Keen on jazz, Reeves played in the New Jazz Orchestra and had learned many standard songs. He worked in the music industry for several years, first in the quality control department of Decca Records listening to output that ranged from medieval classical music to Chubby Checker, after four years becoming assistant producer to Tony D'Amato, then briefly a record plugger for Pye Records. In late 1964 he suggested for Pye release, and played on, the instrumental UK hit Sounds Orchestral's "Cast Your Fate to the Wind". He became assistant to Tony Hatch at Pye before leaving to become a freelance producer for CBS and Polydor and creative director of the Greenwich Gramophone Company. He also recorded with the Mike Taylor Quartet on the album Pendulum in 1965 and with Davy Graham on Folk, Blues and Beyond and Midnight Man in 1966.
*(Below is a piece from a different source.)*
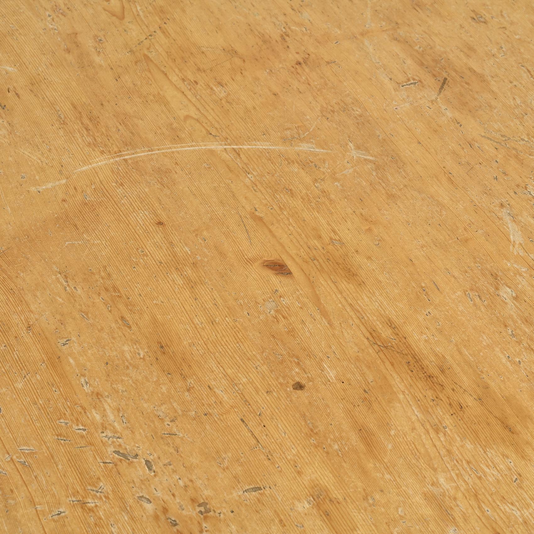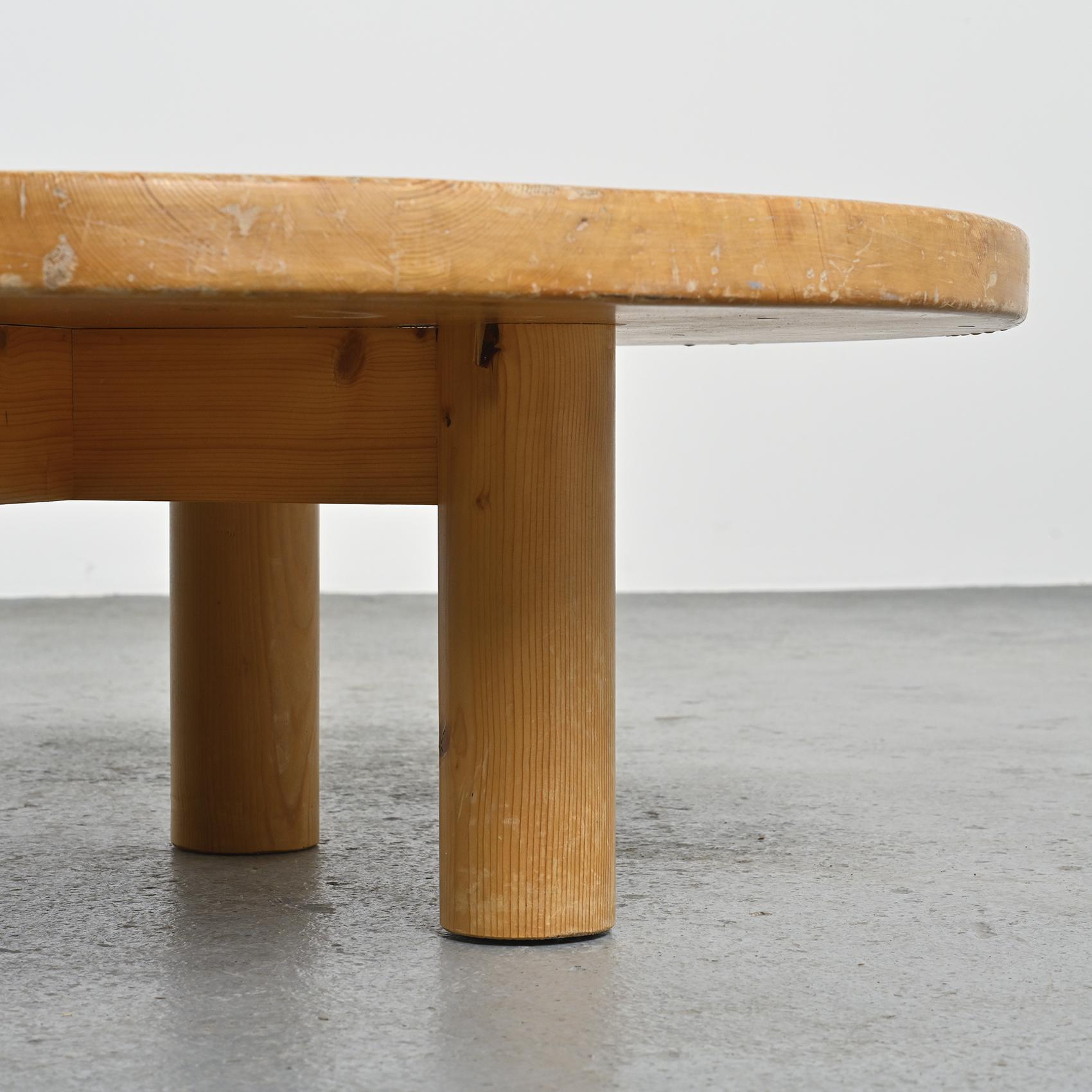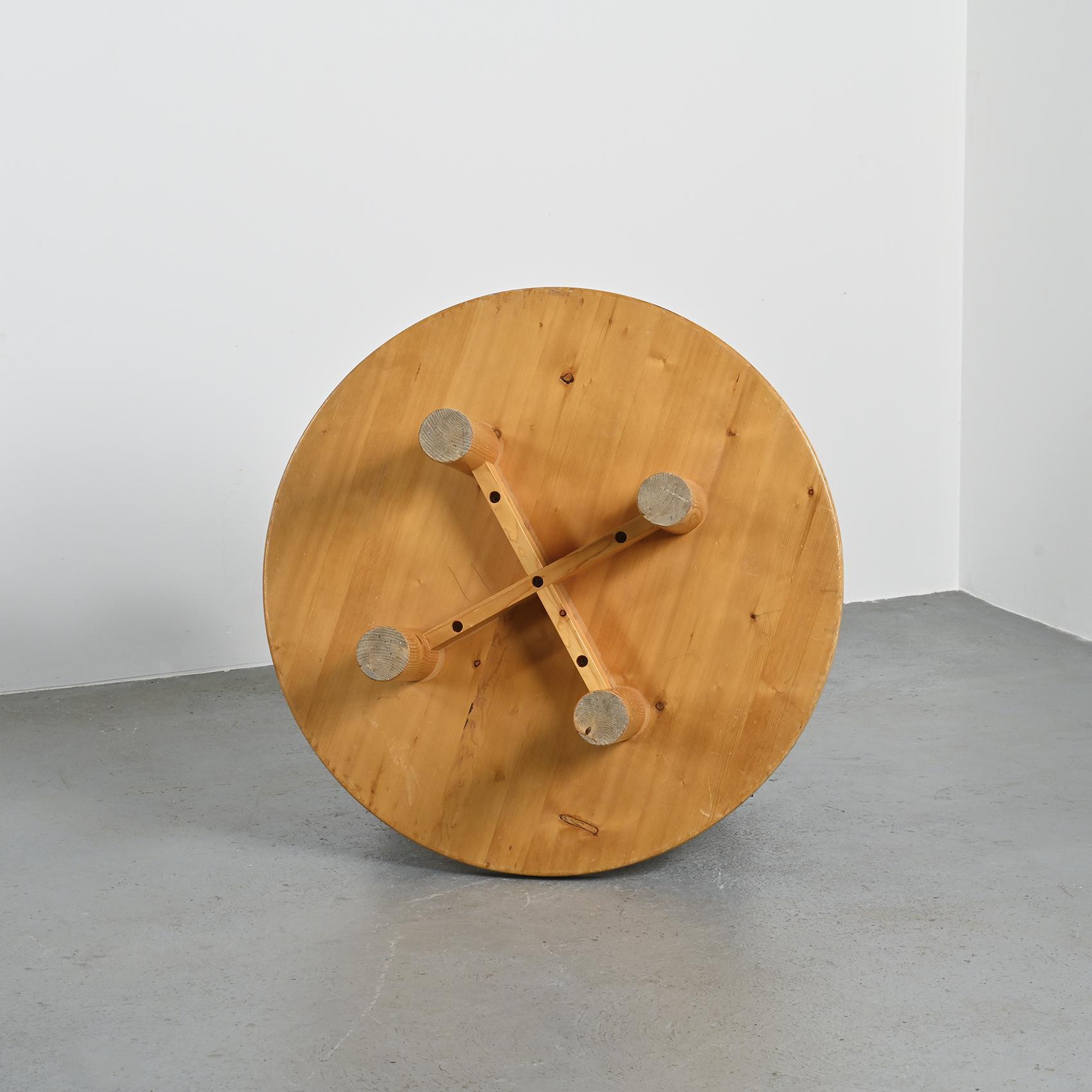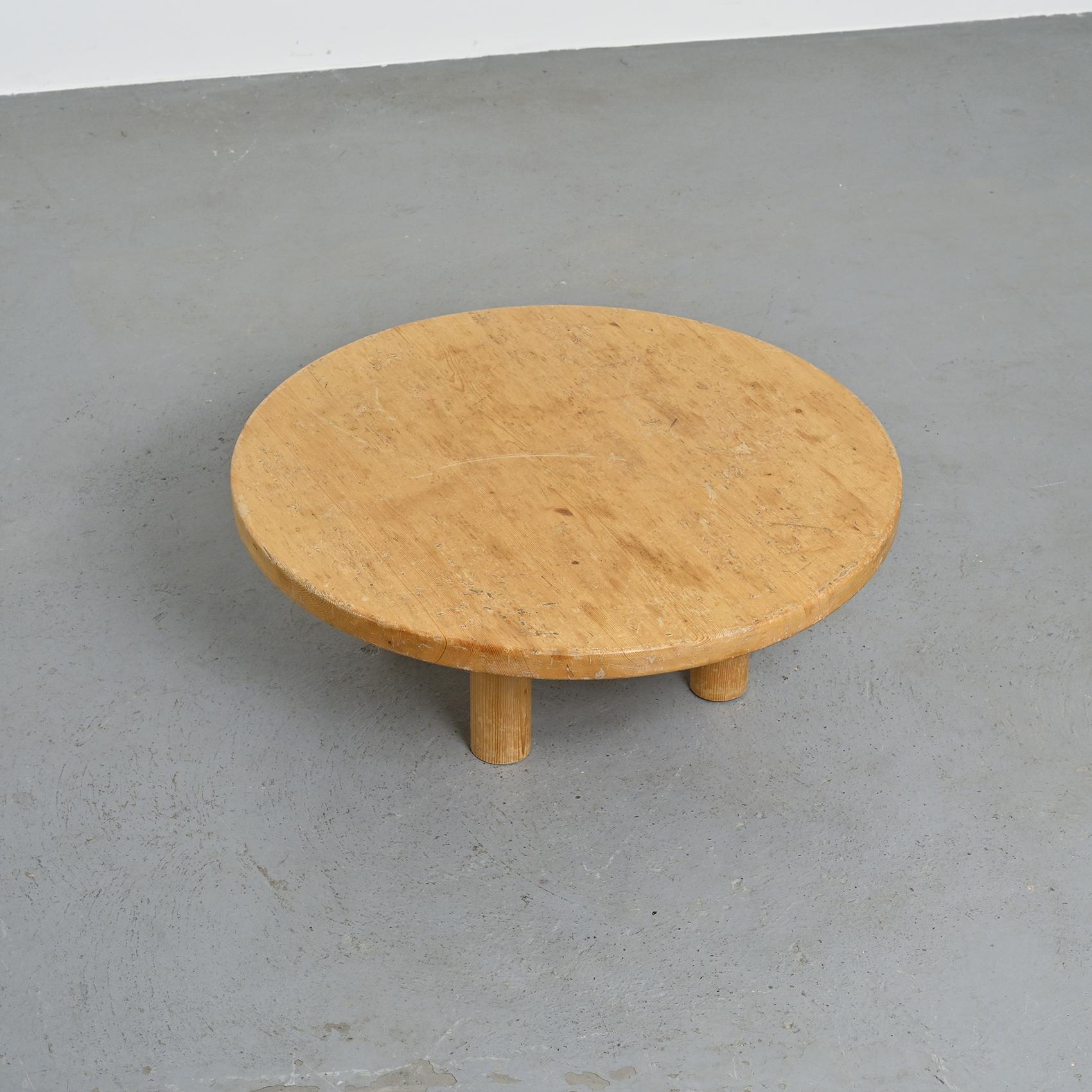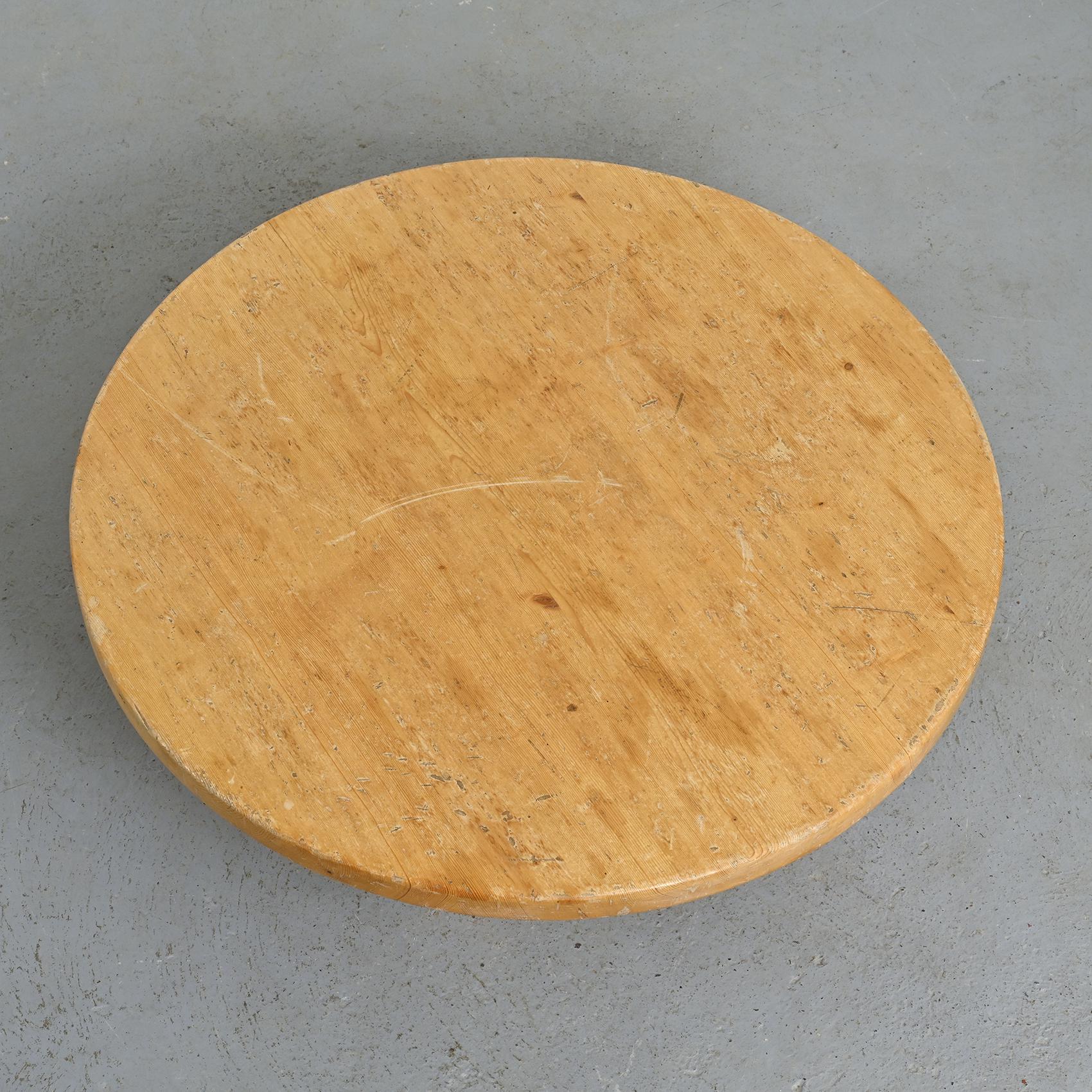 Réalisée en pin massif, elle se compose d'un large plateau circulaire reposant sur quatre pieds en rondin. Sa silhouette simple et robuste reflète l'esthétique montagnarde chère à René Martin, où le mobilier s'inscrit dans une logique à la fois fonctionnelle et chaleureuse. L'usage du pin et la géométrie épurée confèrent à cette pièce une présence sculpturale, en accord avec l'esprit moderniste des stations de montagne.

Shortly afterwards Reeves took up electric bass, just before Hiseman recommended him to Mayall. After two albums with Colosseum he left to concentrate on session work and production, working with the Woods Band, Sandy Denny (The North Star Grassman and the Ravens), Paul Kent, John Martyn (Bless the Weather), Day of Phoenix and Burning Red Ivanhoe from Denmark, and Chris DeBurgh. In 1972 he rejoined Dave Greenslade and formed the band Greenslade. Reeves remained with the band until 1974, recording three albums with them. As with Colosseum, his departure was motivated by a desire to focus on his career as a producer.

In 1973 he played on Mike Taylor Remembered, a tribute to the musician, with Neil Ardley, Jon Hiseman, Ian Carr, Barbara Thompson and other major modern British jazz players. Subsequently he played with Curved Air and in jazz band called Big Chief, with former Colosseum saxophonist Dick Heckstall-Smith and former Curved Air guitarist Mick Jacques. He still plays with Big Chief, Blue Amba and The Warthogs, and plays double bass at The Constitution pub in Camden Town (Davy Graham's local) every other Tuesday in the Cellar Bar, where he met multi-instrumentalist and songwriter JC Carroll, with whom he performs and records sporadically. They recorded a live album on their first show together in Ascot. They are understood to be working on an extended raga called "Looking for Gold" and an acoustic album.

Reeves is also head of the British sound technology firm MTR Professional Audio, in business for almost 30 years.